Attacks by air, sea and land are devastating entire cities and more than 21,000 people have been killed, two thirds of them innocent women and children, without any concrete efforts among the international community to stop this genocidal brutality.

We are the only species of nature capable of perpetrating such acts.

But it is not the only thing, because the voracity of an irrational system of production and consumption is destroying our only possible home, this planet, which every year suffers devastating climatic phenomena that hit hardest those who pollute the least.

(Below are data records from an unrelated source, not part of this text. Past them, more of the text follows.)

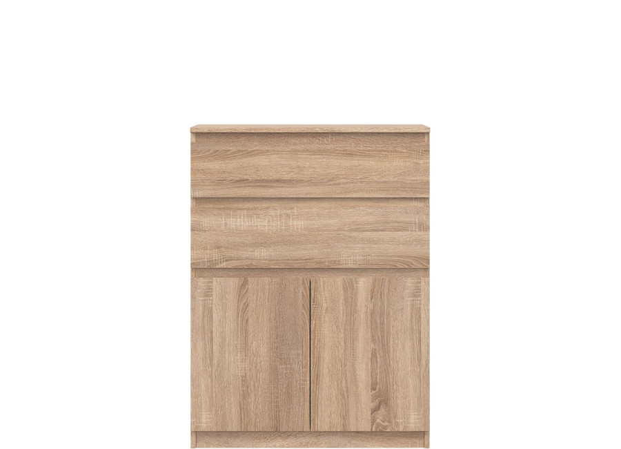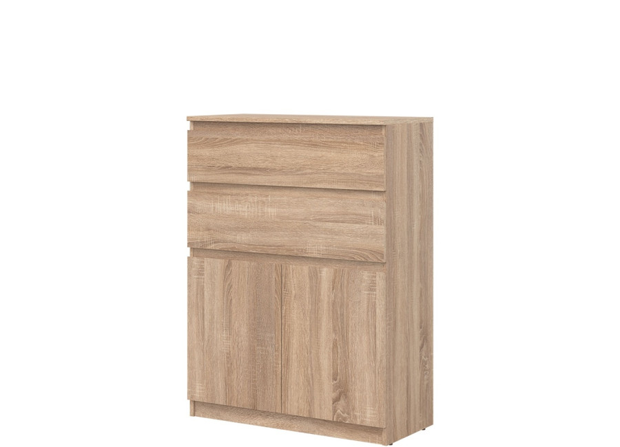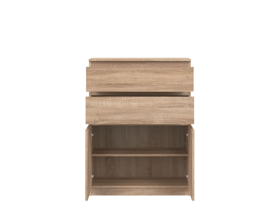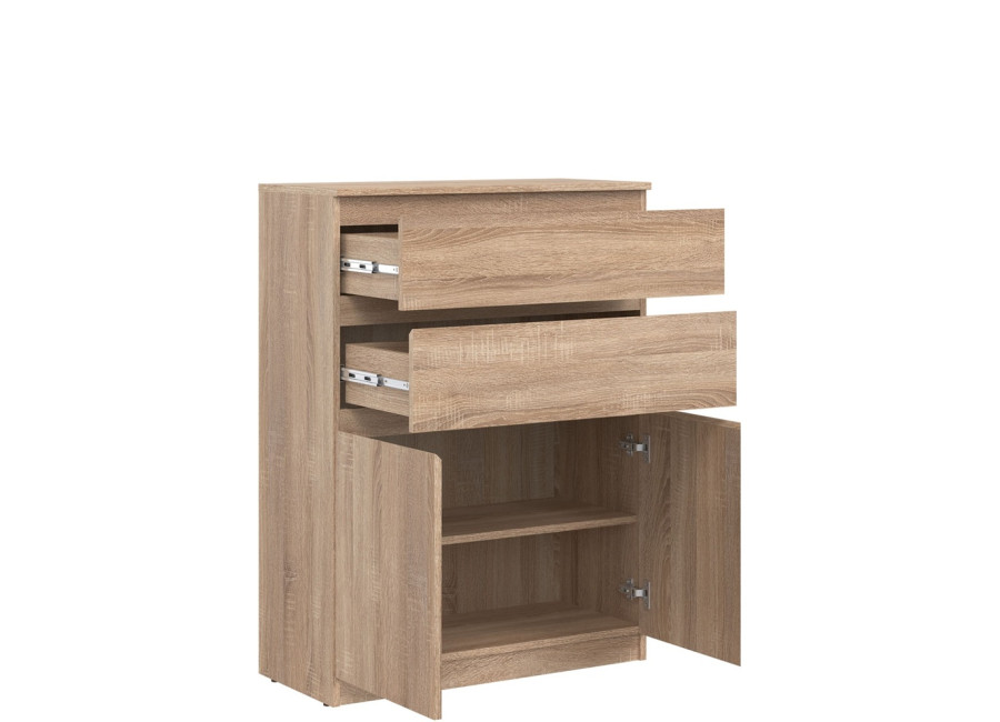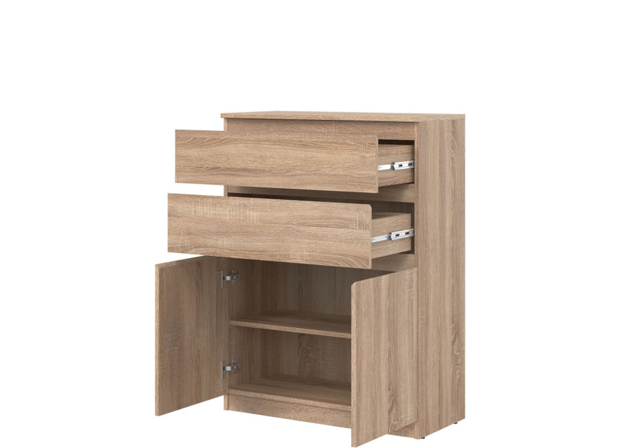 Vyrobená je z laminovanej drevotriesky v hrúbke 16 mm s ABS hranami. Farebné prevedenie je dub sonoma. Tradičné úchytky boli nahradené frézovanými prednými časťami. Úložný priestor tvoria dve zásuvky a dvoje dvierok, ktoré poskytujú miesto na uloženie dokumentov, textílií alebo drobných predmetov. Komoda je vhodná aj do detských izieb, kde poslúži na oblečenie či školské potreby.
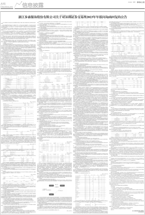 浙江步森服饰股份有限公司关于对深圳证券交易所2023年年报问询函回复的公告
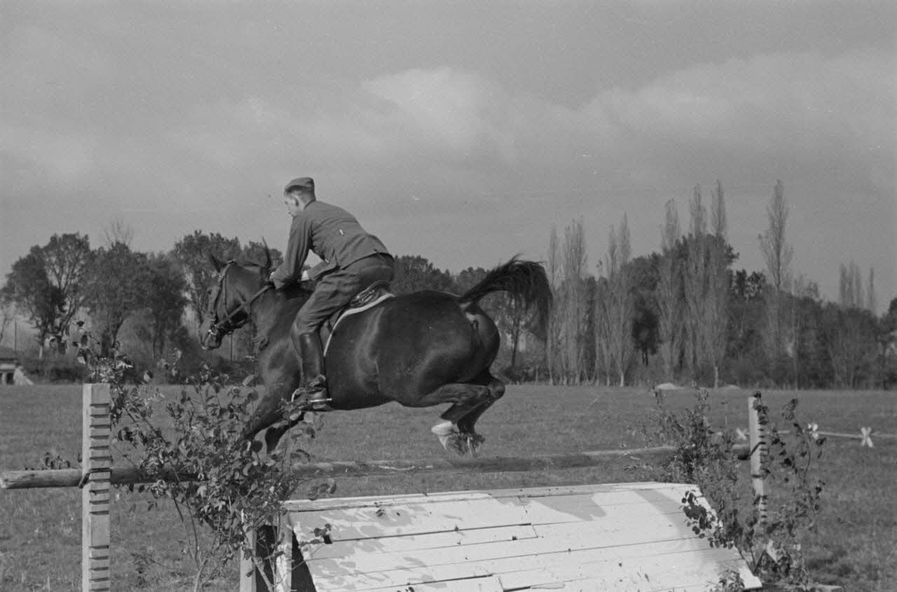 Visite chez le commandant Rudolf Lippert et cavaliers allemands dans un parcours d'obstacles.

In our region, the Economic Commission for Latin America and the Caribbean stated that in 2023 poverty will affect 29.1% of the population, which means that 183 million human beings lack the essentials for a dignified life and 72 million of them are living in poverty.

All this in one of the richest areas of the world, with sufficient resources to produce food and goods for all its inhabitants and many more.

At the end of the 23rd year of the third millennium of modern history, every day we demonstrate with greater crudeness our inability to relate in harmony with the environment and with ourselves.In the Mayan civil calendar -because they had others- there were five days at the end of each year to meditate on what happened and prepare for what is to come.

How good it would be to recover that practice and help us in that way to prevent our moral or physical extinction, I do not know now which of the two is more serious, and to turn this earth into the home of all, where no one is surplus or lacking and thus demonstrate, perhaps, that we are the superior species.